Random number generators based on these principles are good enough for most applications. But it is important to remember that the resulting sequences are not truly random. Scientists have therefore looked at other ways generating random numbers.

The coolest method I know creates random numbers out of nothing. According to quantum mechanics vacuum is not truly empty, but is filled with subatomic particles that pop in and out existence. And this spontaneous creation and anahilation is truly random. Scientists in Australia were able to harness these fluctuations to produce billions of truly random numbers per second. It is amazing to think that perhaps the best way to create randomness is out of nothingness.

My MP3 player (brand: Sansa) actually sometimes does repeat the same song when i put i on shuffle. Each time it happens i’m filled with happiness (the shuffle functions on my previous mp3 players “felt” very non-random) 🙂

“But it is important to remember that the resulting sequences are not truly random.” This statement, more or less universally included in every description of computer RNGs, seems meaningless to me. I’ll make the claim that there is no acceptable mathematical definition of a “true” random number generator, without loss of at least one of the other properties we hold as fundamental to the mathematical treatment of randomness. There is nothing inescapably “pseudo” about psuedo-random generators except for the computational limitations of finite representations.

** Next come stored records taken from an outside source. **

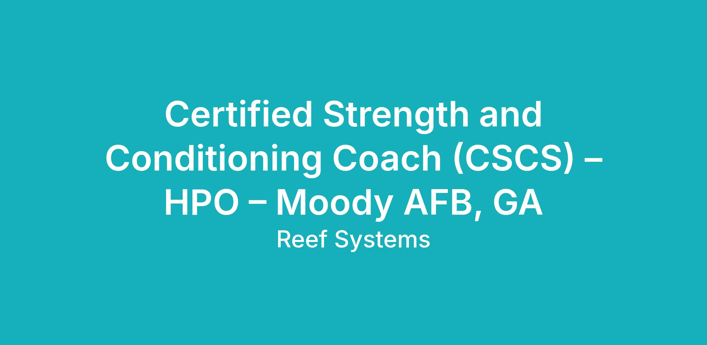 Certified Strength and Conditioning Coach (CSCS) – HPO – Moody AFB, GA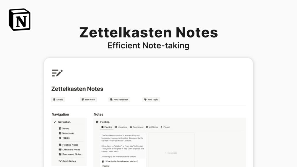 Zettelkasten Notes is an easy-to-use Notion template that uses the Zettelkasten method to help you organize your notes and build a knowledge base. This system saves you time, energy, and trouble by giving you a deadly simple and streamlined interface to jot down your notes and connect them with others.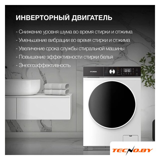 Инверторная технология делает эксплуатацию Hyundai WFD8216 более производительной и тихой; уровень шума при стирке составляет всего 60 дБ, а при отжиме - 72 дБ. Это особенно актуально для тех, кто предпочитает тихие домашние условия или планирует стирку в ночное время.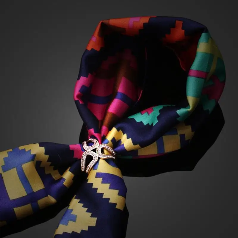 Корейская версия, хит продаж, изысканный Шелковый шарф с тремя кольцами, Женская шаль с пряжкой, аксессуары в этническом стиле, Цветочная стюардесса, ювелирные изделия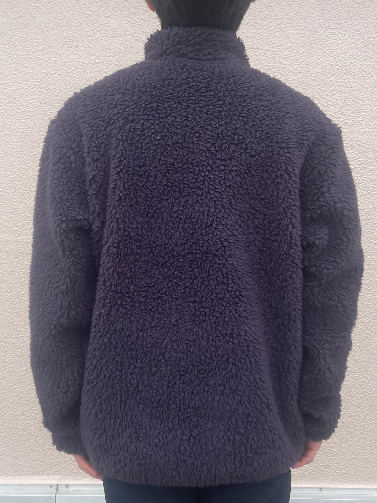 ボアのように毛足の長いポリエステルフリースを使用し、裏地には防風性の高いナイロンメッシュを採用。
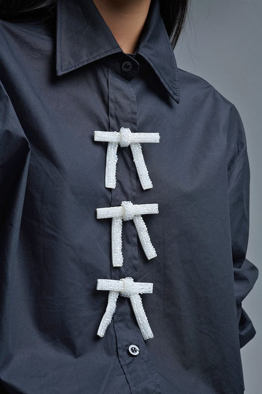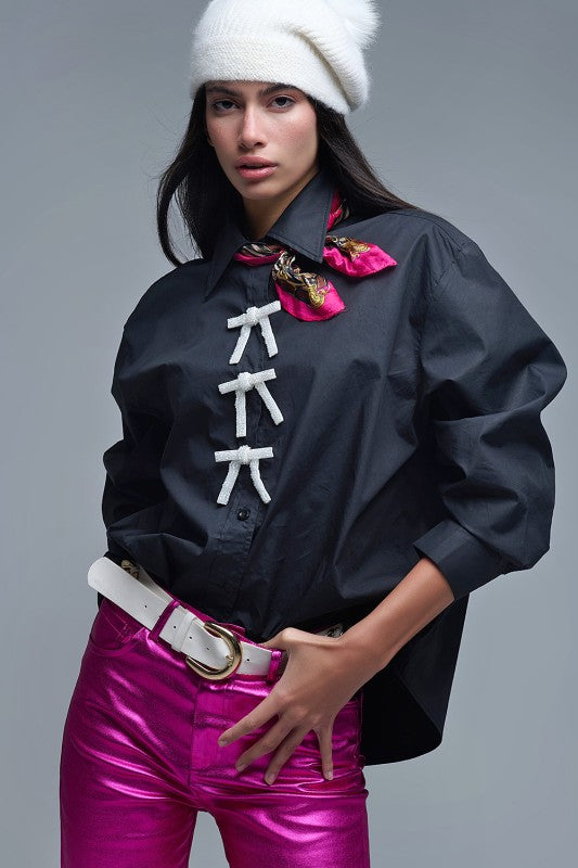 Step up your style game with our oversized black poplin shirt, featuring a playful white beaded bow-button that steals the show. Made from smooth poplin fabric, it sports a classy polo collar and trendy 3/4 sleeves for that effortlessly chic vibe. The roomy fit ensures all-day comfort, while the delicate beadwork adds a fun, flirty touch. Perfect for mixing and matching—from casual days at work to dressy nights out, this shirt is your new go-to wardrobe hero. Model wears size S, standing tall at 5'9" with measurements 33-24-35.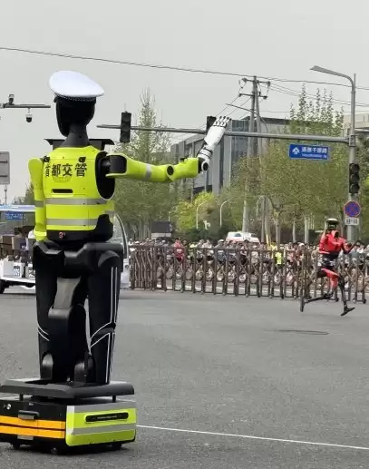 每当由各类人形机器人组成的方阵经过该路口时,“天轶”的手势与语音指令便精准传递,机器人跑者们依令有序左转;而一旁的人类选手则完全不受干扰,继续沿赛道正常通行。这种“人机分流、精准指挥”的场景,构成了此次赛事一道独特的风景线。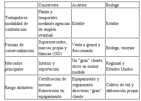 Los casos son de una conservera, una aceitera y una bodega (Tabla 1). En el primer caso, la empresa fue fundada en 1964 y se dedica a la elaboración de conservas de frutas y hortalizas (frutas en almíbar, dulces, salsas, cóctel de frutas). En el transcurso de 90 días en tres turnos de trabajo, empleando en promedio 400 trabajadores, realizan la mayor parte de la producción.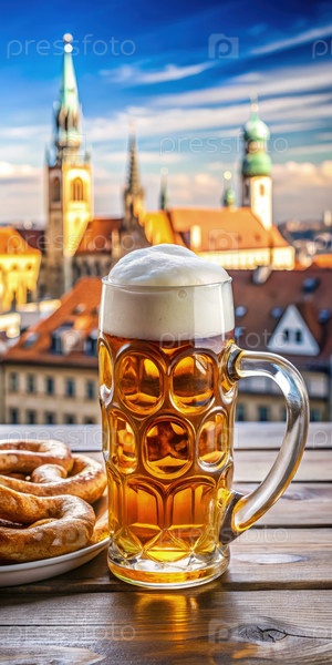 Баварский пивной сад со стаканом мюнхенского пива и прецеллов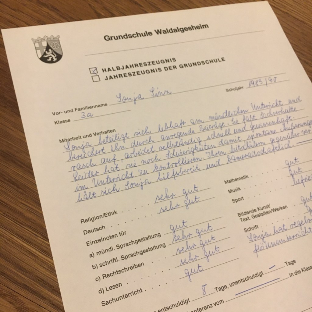 This “exercise” made me smile big time. While cleaning up I came across a folder with old reports from elementary school. In the first couple of grades, at least in Germany, where and when I went to school, we got a couple of lines of prose as a feedback every 6 months. And while going through them with my husband, we found that these short lines were so telling and so fitting to some of my behaviour patterns and tendencies; I was very touched. There were sentences like “Sonja loves to take on responsibility”, “She needs to respect the conversation rules of the classroom,” (very bubbly :-)) “Sonja has a wild imagination”, “She often finishes exercises early and then invents own follow-up exercises for herself.”
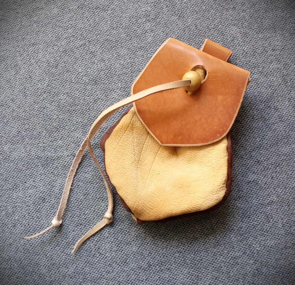 Prosta, zwyczajna, średniowieczna sakiewka do przenoszenia przydasiów.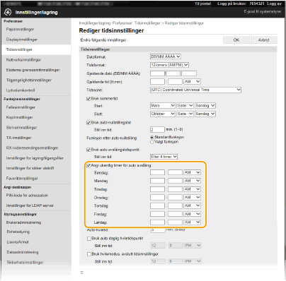 *Hvis strømmen ikke kan slås AV automatisk på det angitte klokkeslettet, vil det bli gjort forsøk opptil ti ganger i intervaller på ett minutt. Hvis det ikke er mulig å slå av strømmen selv etter ti forsøk, vil det være umulig å slå av strømmen automatisk denne dagen.

I’m sure you know the story, recounted in Numerical Recipes and elsewhere, of the company representative insuring that the collection of numbers spit out by their RNG may not be random considered together, but each number is guaranteed to be random “individually”. In my opinion, this joke reveals a fundamental limitation to our thinking, basically coming down to the selection of a seed, and the fact that any useful definition of an RNG has to apply to finite sequences, not just the limit. We are good at describing measure spaces, but how does one get a sequence from a measure space? The most straightforward way is to put some dynamics on the space compatible with the measure. But if you want to call this an RNG and have it mean something similar to what it means for computers, you have to pick an initial condition/seed, and here you lose the benefit of having built the measure space in the first place.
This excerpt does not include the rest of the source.